Five defendants, including Dane Elec, settled the case on a non-class basis. The other five defendants, Eastman Kodak Company, Fuji Photo Film U.S.A., Inc., Lexar Media, Inc., PNY Technologies, Inc., and SanDisk Corporation, settled on a class basis.

== Attorneys for the plaintiff ==
The law firm of Gutride Safier, LLP and Milberg Weiss, have been involved in other significant class action lawsuits in California from which they applied for significant fee payments. Such fee requests are often cited as unreasonable in that they call into question the true motivation of the attorneys, as was the case with these particular attorneys. Two of the most notable class actions brought by Gutride Safier are the Chavez v. Netflix class action that was settled (but is currently on appeal) when the defendants agreed to pay Gutride Safier $2.5 million and the Orin Safier v. Western Digital Corporation class action that was settled when the defendants agreed to pay Gutride Safier $500,000. The Western Digital case involved the same "binary vs decimal calculation" issue as the Vroegh v. Eastman Kodak case. In each of these cases, the named plaintiff was awarded $1000 to $2000 "for their time and effort".

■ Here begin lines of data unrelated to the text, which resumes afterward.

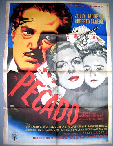 Striking noir / crime / gambling film poster features several icons of the genre -- a doomed and haunted protagonist, a deck of gambling cards, and a gun. Great style! There is some heavy wear and water damage along the left side border. However, this flaw does not greatly affect the main image area, which is clean and bright. The border could be restored fairly easily, and the poster would look excellent... This movie starred Zully Moreno, Roberto Canedo, Eva Martino, Jose Elias Moreno and Miguel Arenas. $30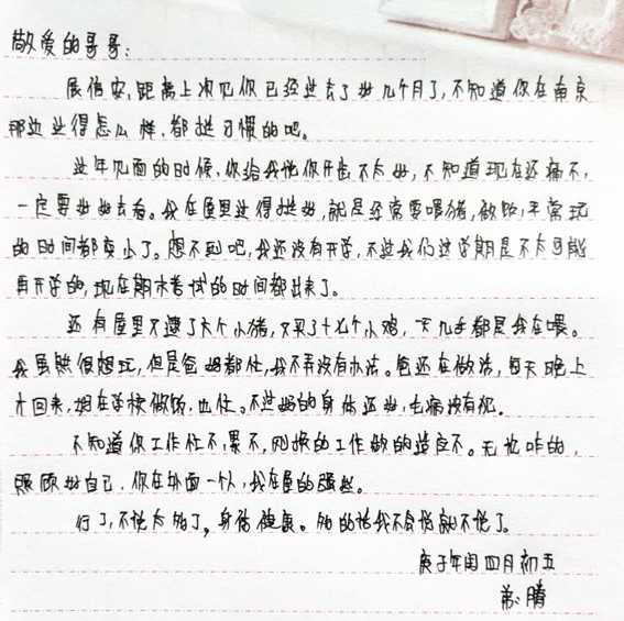 本网讯 为弘扬中华民族传统美德、传承优秀家风,引导同学们感恩父母、热爱家庭,经管学院开展五个一”系列之“写一封家书寄一份深情”资助主题教育活动。活动中,同学们纷纷拿出纸笔,用最质朴的方式,写下对家人想说的心里话。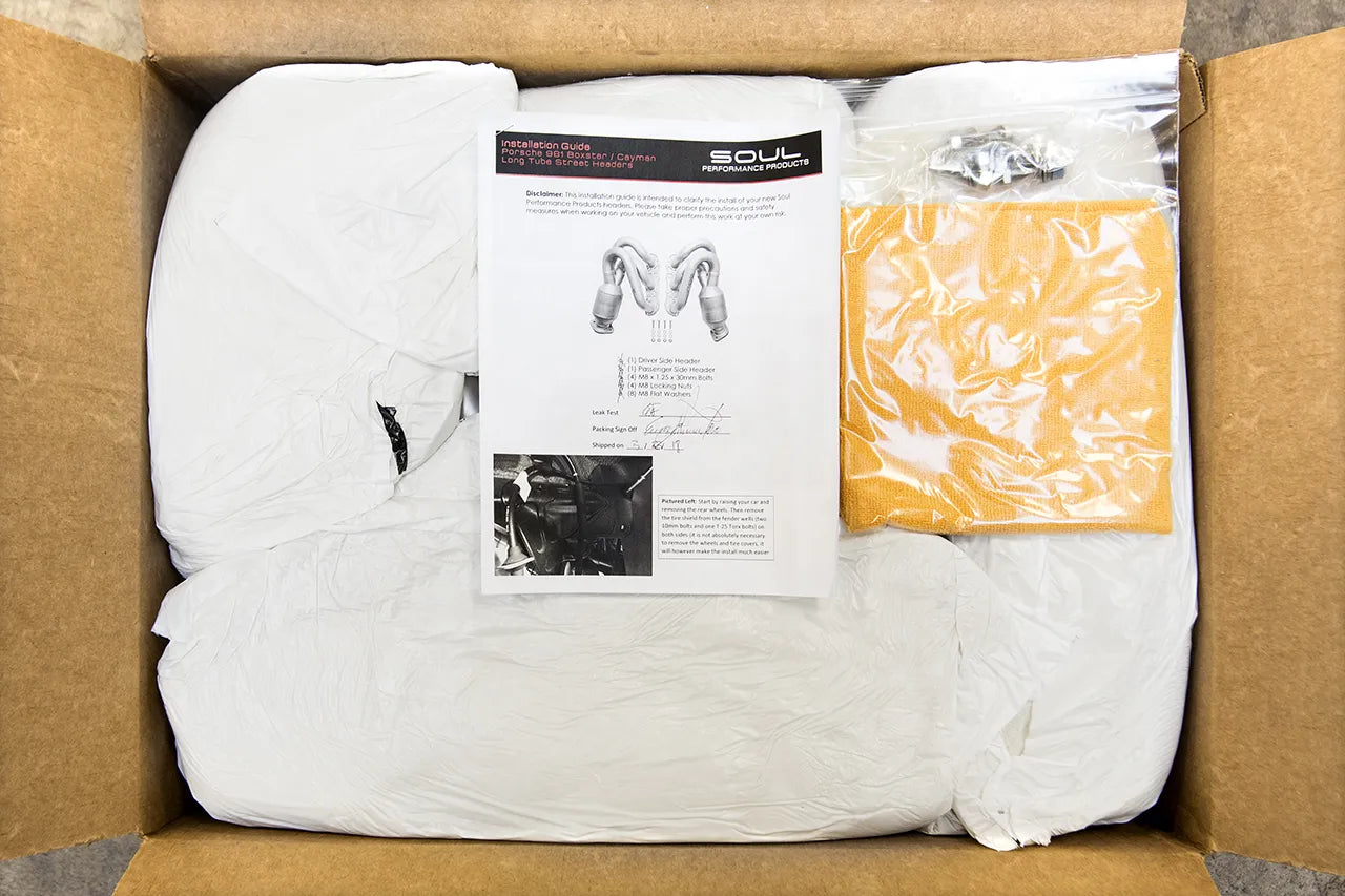 The Soul Performance Long Tube Street Headers for the Porsche 981 Boxster and Cayman (2013–2016) are a premium, performance-oriented header upgrade that dramatically improves exhaust flow, throttle response, and flat-six character. Built around large-diameter, free-flowing catalytic converters and long tube runners that are specifically sized for the 3.4L / 2.7L engines, this system is designed to yield noticeable gains in mid-range power while enhancing exhaust tone versus the restrictive factory manifolds — all without throwing a check engine light on most OBD2 vehicles. These headers offer a more aggressive exhaust note and freer rev-up experience, making them a compelling upgrade for enthusiasts seeking refined performance and sound.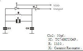 根據引出腳方式可分為SMD諧振器與直DIP諧振器,應用頻率可以分為低頻千赫系列,中頻和高頻諧振器兆赫系列。陶瓷諧振器需要與各種IC相配應用,常用IC有:4069UBE,TC74HCUO4P

Even though Netflix agreed to pay $2.5 million, the Judge in the case ultimately awarded Gutride Safier approximately $1.3 million.

On June 23, 2003, Gutride and Safier brought a Business Tort complaint against numerous defendants, including: Amazon.com, Target Corporation, Wal-Mart Corporation, Dell, Good-Guys, and many others for false and deceptive advertising of MP3 players on the same "binary vs decimal calculation" issue. Ultimately, all of the defendants settled.